[RECORDS SHOWN Boundary: Start]
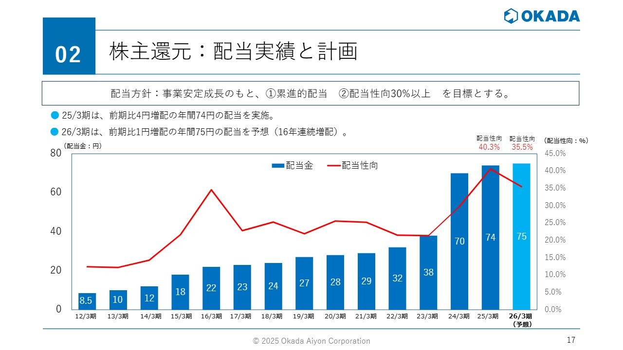 2025年3月期の配当金は、前期比で4円増配し、年間74円の配当を実施しました。さらに、2026年3月期の配当金は、前期比で1円増配し、年間75円の配当を予定しています。この場合、16年連続の増配となります。
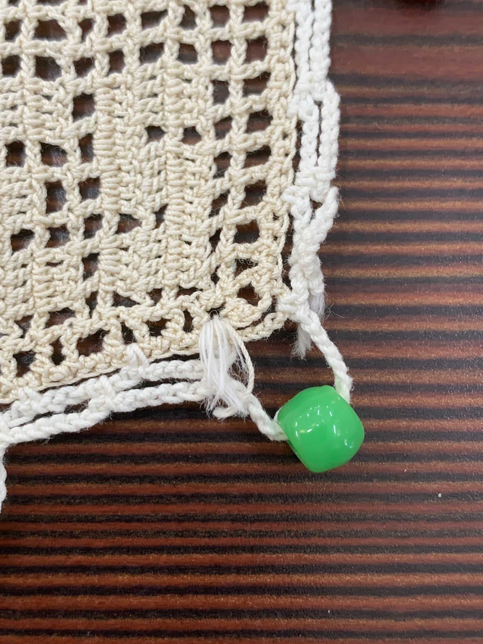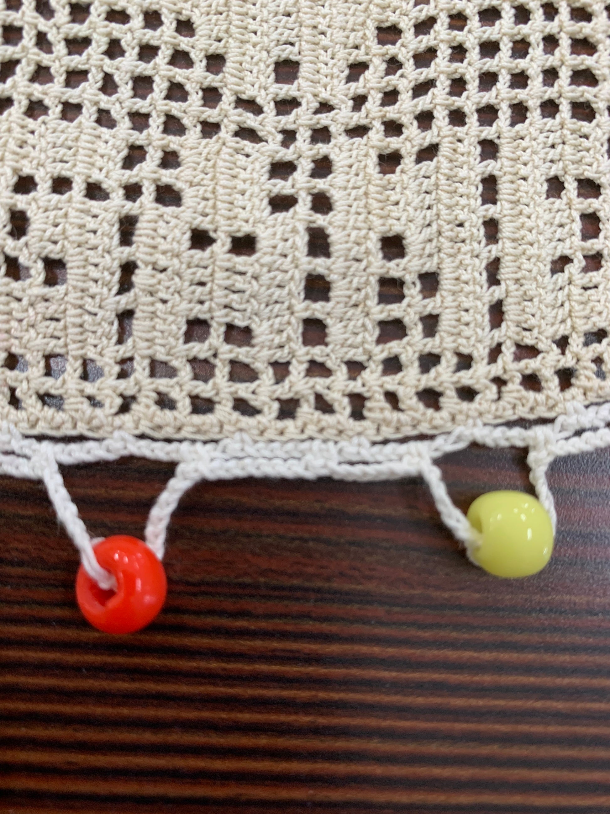 ∙ Decorative Detail: Colorful glass beads (red, yellow, and green) around the edge served dual purpose as weights to keep flies away from milk jugs and prevent the cover from blowing away
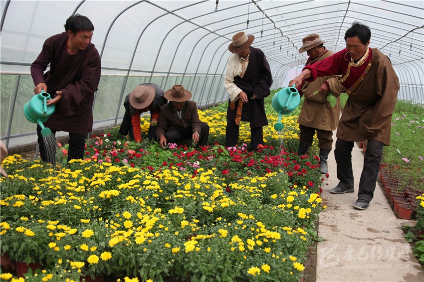 當(dāng)記者返回集中安置點(diǎn)時(shí),白瑪澤仁興致勃勃地帶記者參觀了位于新村下側(cè)的花卉種植合作社。在呈左右布局的5個(gè)大棚內(nèi),長(zhǎng)勢(shì)喜人的20多種花卉,有的含包待放,有的鮮花盛開,有的枝繁葉茂。村主任多吉與幾個(gè)村民正在大棚里小心翼翼地除草、灑水??匆娂磳ⅰ白儸F(xiàn)”的一盆盆花卉,白瑪澤仁激動(dòng)地說:“我們不但很快就要搬新村、住新房,而且種花種出了財(cái)源、也種掉了貧困,今年全村整體脫貧肯定沒問題。這一系列變化既是黨和政府給的,也是全村群眾干出來的,我們盼望早日下山,我們更期待盡快致富。我們這里位置很好,離縣城和白玉、江達(dá)(西藏)兩縣都很近,明年我們將在花卉大棚的下方建花園、修賞花亭、搞餐飲住宿,讓過往客人在賞花、觀江、吃農(nóng)家菜、住農(nóng)家屋、購(gòu)農(nóng)家物的同時(shí),力求給村民和村集體經(jīng)濟(jì)帶來更多更大的收益。面對(duì)做夢(mèng)也想不到的驚人變化,難道我們不該感恩黨和政府嗎?難道我們不該插國(guó)旗嗎?搬遷下來后,我們既要讓五星紅旗一年四季飄揚(yáng)在家家戶戶的屋頂上,更要在感恩奮進(jìn)中盡快把雨托村建設(shè)成為村莊美麗、產(chǎn)業(yè)興旺、村民富裕、習(xí)慣健康、風(fēng)氣良好的幸福新村、和諧新村和小康新村。”
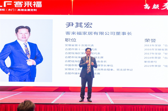 客來福家居股份有限公司董事長尹其宏先生上臺致詞,飽含對每一位家人的真摯情感,在新的一年里,尹董更希望與每一位家人并肩同行,為實現(xiàn)共同的夢想一起奮斗。
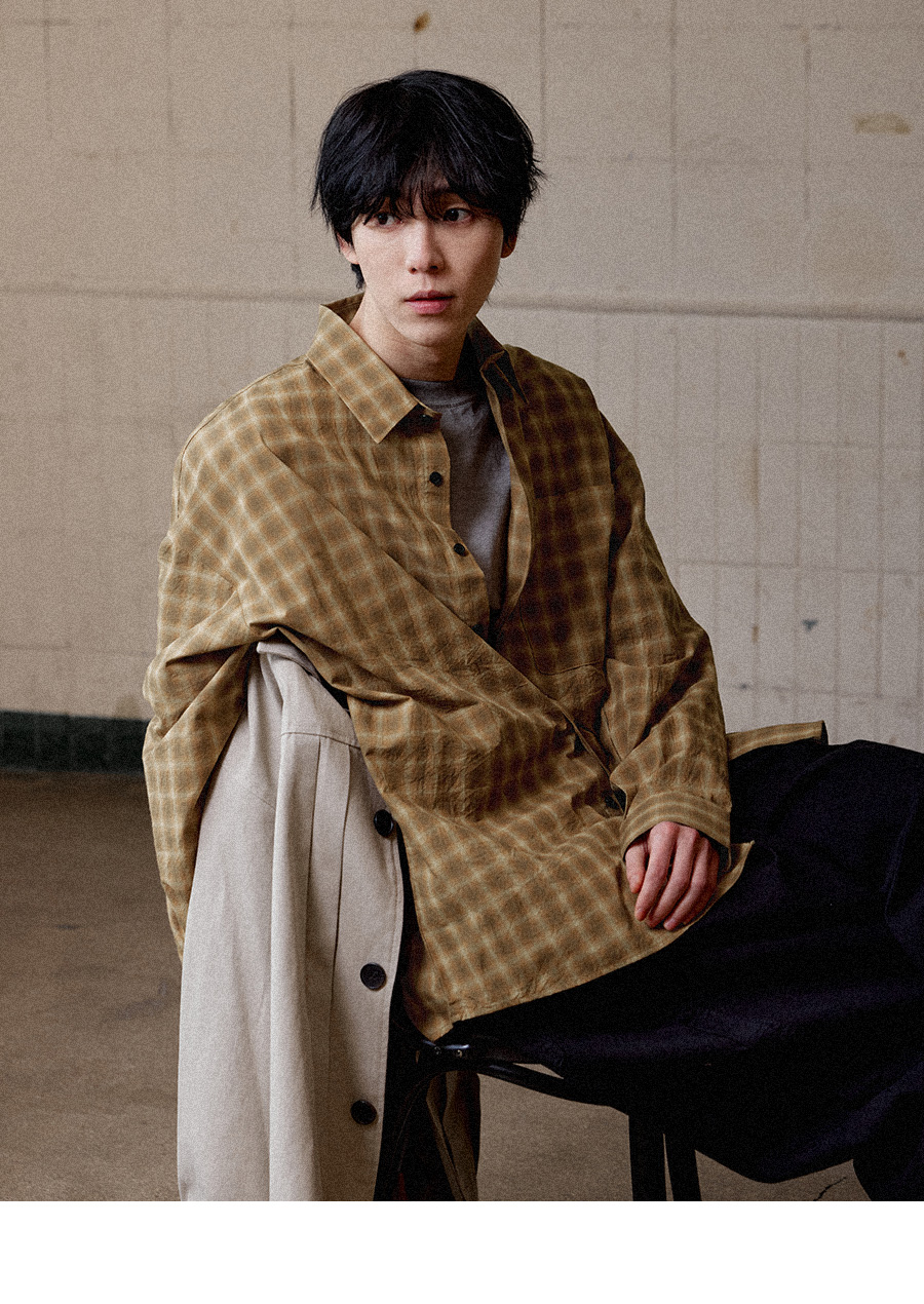 스모키 타탄 체크 셔츠 베이지
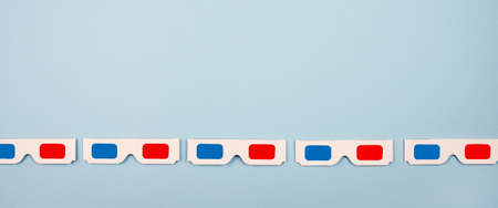 Banner with classic paper 3D glasses in a row on blue background. Copy space.
[RECORDS SHOWN Boundary: End]
WHAT TO DO: Without any picture, return exactly the lines of the records above from the first through the line that contains "from blowing away".

TASK OUTPUT:
 2025年3月期の配当金は、前期比で4円増配し、年間74円の配当を実施しました。さらに、2026年3月期の配当金は、前期比で1円増配し、年間75円の配当を予定しています。この場合、16年連続の増配となります。
 ∙ Decorative Detail: Colorful glass beads (red, yellow, and green) around the edge served dual purpose as weights to keep flies away from milk jugs and prevent the cover from blowing away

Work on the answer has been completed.